01/10/2025 | News release | Distributed by Public on 01/10/2025 15:51
To arrive at a deeper understanding of the connections between biology and disease, researchers at Recursion have developed LLM-based tools that turn both unstructured data - like scientific publications - and structured data - like our own automated-lab produced phenomics data - into actionable insights.
These include an enhanced query tool - which allows researchers to easily make discoveries from published scientific papers; and a knowledge graph tool - which integrates data from clinical trials, publications, genes, phenotypes, drug interactions, cell lines, and many other categories, scores them via machine learning, and performs target prediction and gene-disease relevance.
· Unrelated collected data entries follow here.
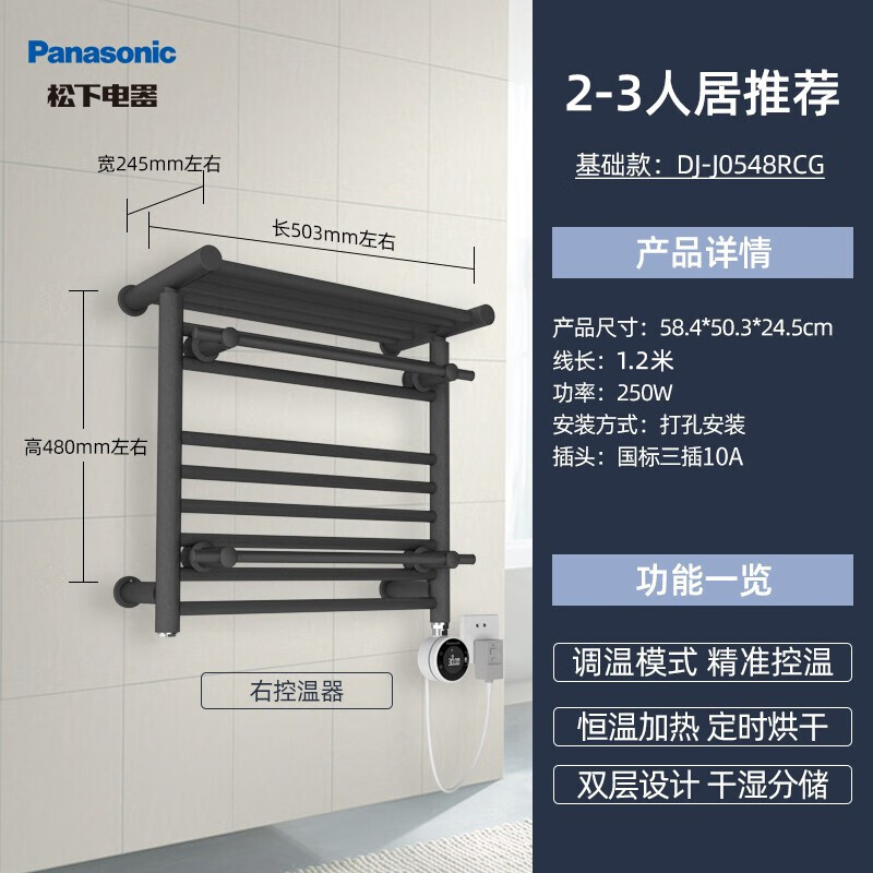 松下(Panasonic)电热毛巾架 卫生间浴室防潮置物架智能毛巾加热架烘干DJ-J0548RCG价格:1349.00元!
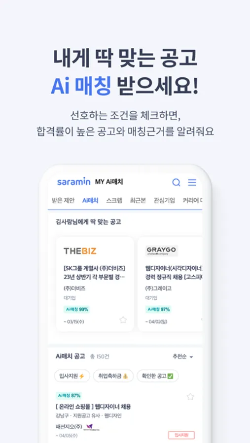 - 직무, 기업, 복지 등 내가 원하는 조건에 맞추어 바로 검색 해보세요.
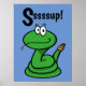 Serpiente de cascabel de dibujos animados verde divertida. Tiene grandes ojos ovalados con cejas levantadas. Una sonrisa descarada con la lengua fuera. Su largo cuerpo enroscado tiene un cascabel en la punta de la cola. Sobre la serpiente en letras negras hay un juego con la palabra Sup! que se lee Sssssup!
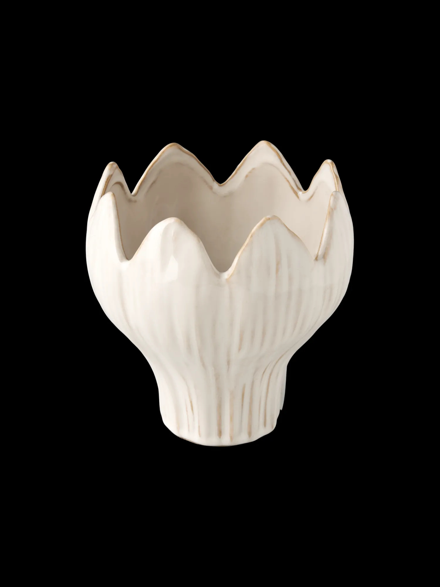 Søstrenes blomsterpotte har en interessant blomsterform, og den blir en nydelig bolig for plantene eller blomstene Deres – enten de er friske eller tørket.Søstrene legger vennlig til at siden dette produktet har glasur, kan uttrykket variere noe.
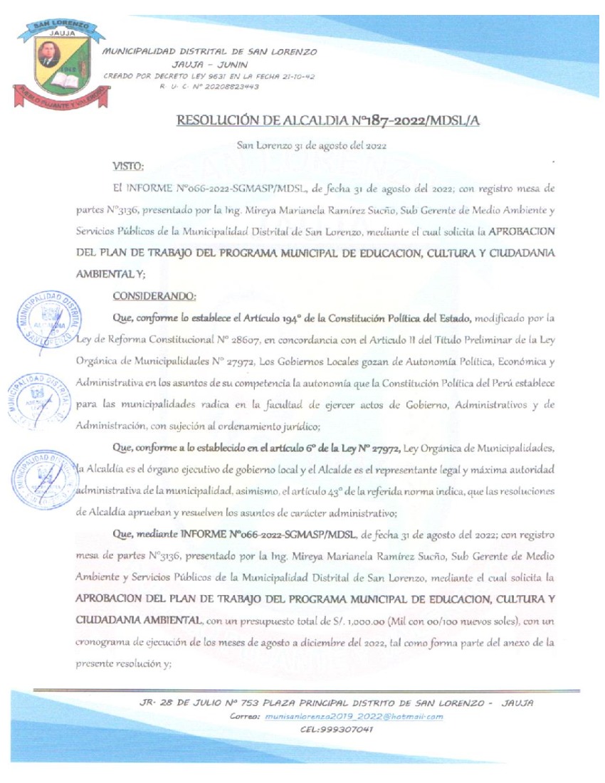 La presente Resolución aprueba el Plan de Trabajo 2022 del Programa Municipal de Educación, Cultura y Ciudadanía Ambiental de la Municipalidad Distrital de San Lorenzo, con la finalidad de definir las actividades de educación, cultura y ciudadanía ambiental que se desarrollarán en la localidad durante el presente año.
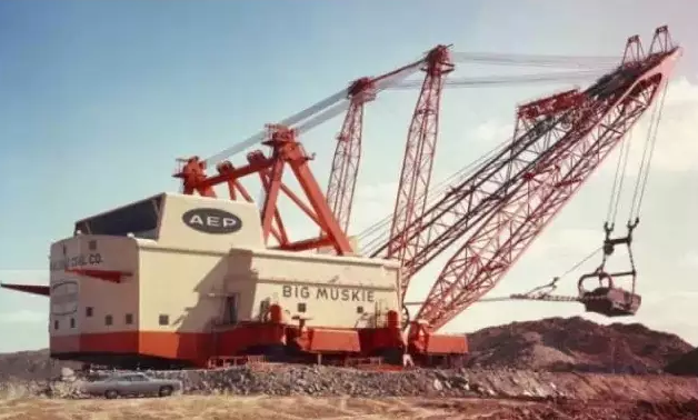 BIG MUSKIE官方編號(hào)為BE-4250W,是迄今最大的步進(jìn)式拉鏟,1967年B-E開(kāi)始為美國(guó)的一個(gè)露天煤礦建造它,直至1969年5月建成并投入使用,當(dāng)時(shí)的制造費(fèi)用為2500萬(wàn)美元,專(zhuān)門(mén)用于土石剝離。它有22層樓高,用13800V高壓電驅(qū)動(dòng),僅空鏟斗的重量就有209噸;1991年Big Muskie因礦區(qū)采空而停止運(yùn)行,1999年爆破拆解,僅鏟斗留存下來(lái)。有卡車(chē)對(duì)比圖哦~

Literature Review in Minutes
It used to be that if scientists wanted to perform a custom literature review, they had to engage in a multi-day search process. But with our tools, Recursionauts can query all papers published across PubMed (35+ million titles and abstracts indexed on gene mention and disease mention), PubMed Central (6 million full text articles), Citeline (drugs and clinical trials database), Google, and other sources in a ChatGPT-like format, and receive almost immediate insights into questions around which diseases are relevant to a particular target, for instance, based on the existing literature. Recent publications are prioritized and all information is verified by our teams.
The tool not only helps Recursion's biologists, medicinal chemists and toxicologists determine the viability of particular drug discovery programs - but is also invaluable for engineers, says Dave Brett, Associate Director of Large Language Models.
"This is useful across the whole drug discovery pipeline," Brett says. "Engineers use it when they are non-experts and trying to understand a certain domain when, for example, a scientist tells them 'I need this feature.' It helps them to bridge the gap between people with knowledge in different domains."
Since it was launched over a year ago, the enhanced query tool has over 150 users across the company, has generated over 1,000 reviews, and has processed some 600,000 documents.
Another one of the tool's unique features is that it not only produces an answer, but evaluates it in the context of additional literature - essentially performing its own review process. "It takes the key statements in the original answer, and then creates questions to try to verify those statements," Brett says. "The verified statements become the final answer."
This approach provides a broader response that incorporates more literature.
Across the TechBio Universe
Recursion's AI-enabled Maps of Biology, built from automated labs that capture cell phenomics, lead to a number of promising signals - hundreds of potential targets. Recursion's knowledge graph tool evaluates these possibilities through a complex lens of topics of interest in biology and drug discovery - including global trend scores, protein pockets and structure, competitive landscape, and clinical trials.
The knowledge graph allows researchers to perform "target deconvolution" - identifying and validating the molecular targets of a small molecule's phenotypic responses - in order to narrow those hundreds of possibilities into the best target opportunity.
"For the precision design process, you have to know the exact target that your compound is binding to," Brett says. Once that ideal target has been identified, "we can then precision design a compound to fit," he says.
Author: Brita Belli, Senior Communications Manager at Recursion.